Der Artikel behandelt die Rolle von Prominenten im Marketing und untersucht Beispiele für Partnerschaften zwischen Marken und öffentlichen Persönlichkeiten in Portugal und international. Auf internationaler Ebene war George Clooney jahrelang mit Nespresso und dem Slogan „What else?" assoziiert, ein Zeugnis, das nun an die Sängerin Dua Lipa übergeht, während die Schauspielerin Zendaya die Kampagne „Reach for the Crown" von Rolex anführt. In Portugal sind die Partnerschaften ebenso zahlreich: Ricardo Araújo Pereira ist seit 2021 das Gesicht von Worten, Daniela Melchior ist mit Pedras Sabores verbunden, João Baião mit EDP, und das Paar Kelly Bailey und Lourenço Ortigão ist das Aushängeschild von Carlsberg, neben anderen wie Cristina Ferreira bei Betano und Athleten wie Vitinha, Bruno Fernandes und Rúben Dias in Kampagnen im Zusammenhang mit der Fußball-Weltmeisterschaft.

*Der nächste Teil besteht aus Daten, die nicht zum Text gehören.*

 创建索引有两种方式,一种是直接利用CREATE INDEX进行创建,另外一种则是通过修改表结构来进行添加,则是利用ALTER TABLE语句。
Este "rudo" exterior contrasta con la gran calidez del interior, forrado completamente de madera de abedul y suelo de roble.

Ricardo Torres Assunção, Generalsekretär der Portugiesischen Werbeverbands (APAN), betont, dass Prominente die Fähigkeit haben, die Wiedererkennung einer Kampagne zu beschleunigen und öffentliche Diskussionen zu erzeugen, und als „wahre Verstärker" in einem zunehmend integrierten Medienökosystem fungieren. Er warnt jedoch, dass unmittelbare Bekanntheit „keine Garantie für Wirksamkeit ist und kaum eine schwache Strategie oder ein wenig differenziertes Wertversprechen kompensieren wird", und stellt dem entgegen, dass es Kampagnen mit gewöhnlichen Menschen gibt, die größere Nähe und bessere Ergebnisse erzielen können. Der Verantwortliche wies darauf hin, dass Botschafterbeziehungen tendenziell stärkere und dauerhaftere Assoziationen schaffen, während einmalige Kollaborationen für Launches oder spezifische Momente geeignet sind.

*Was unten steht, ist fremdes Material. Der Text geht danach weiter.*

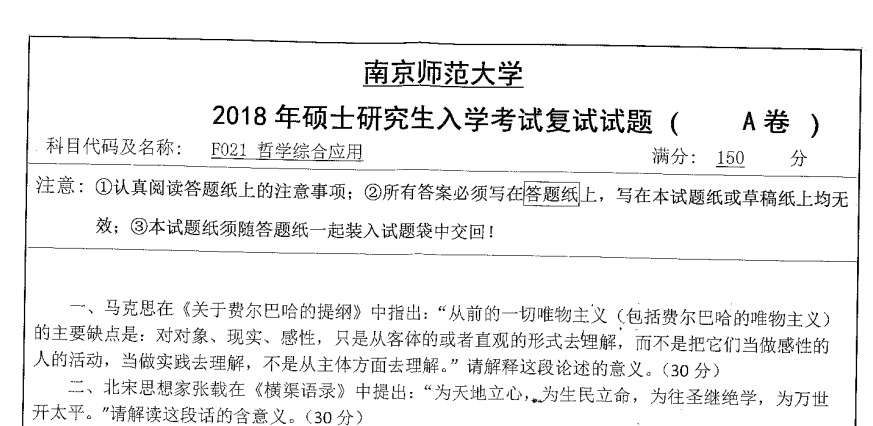 2018哲学综合应用南师大南京师范大学考研复试真题(无答案).pdf

Der Artikel identifiziert auch einen wachsenden Trend zur Integration von Content-Erstellern in Kampagnen, wie Andreia Pinelas und Rafael Bailão mit Fortimel oder die „Portuguese Girlies" mit McDonald's. Die APAN erklärt, dass Creator eine Dimension von Nähe hinzugefügt haben, die viele traditionelle Prominente nicht bieten können, indem sie Vertrauen bei spezifischen und hoch engagierten Communities aufbauen. Torres Assunção sieht dies nicht als Konkurrenz, sondern als Ergänzung, und betont, dass die Wahl immer strategisch und auf die Zielgruppe sein sollte, die man beeinflussen möchte.

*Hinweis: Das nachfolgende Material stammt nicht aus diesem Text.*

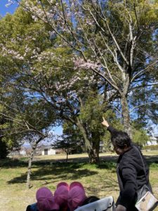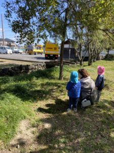 「桜がもう咲いてる!」と先生が見つけると、みんなで「本当だ!!」と一緒に観察。

Die mit diesen Partnerschaften verbundenen Risiken werden ebenfalls untersucht, einschließlich der Gefahr, dass der Star den eigentlichen Werbenden in den Schatten stellt, der Überbelichtung, wenn dieselbe Person mit mehreren Marken assoziiert wird, und der unvermeidlichen Reputationsrisiken. Der Fall von Worten mit Ricardo Araújo Pereira veranschaulicht diese Herausforderung, wobei Andreia Vaz, verantwortlich für die Marke, erklärt, dass es eine Strategie gibt, um die Marke aufzuwerten, ohne sich ausschließlich auf den Komiker zu verlassen. Torres Assunção schließt, dass „eine Persönlichkeit ein ausgezeichneter Verstärker sein kann, aber niemals mit der Strategie verwechselt werden sollte", und dass die zentrale Frage für Werbende nicht ist, ob sie Persönlichkeiten nutzen sollten, sondern ob diese Wahl der Geschichte, die die Marke erzählen will, einen Mehrwert verleihen wird.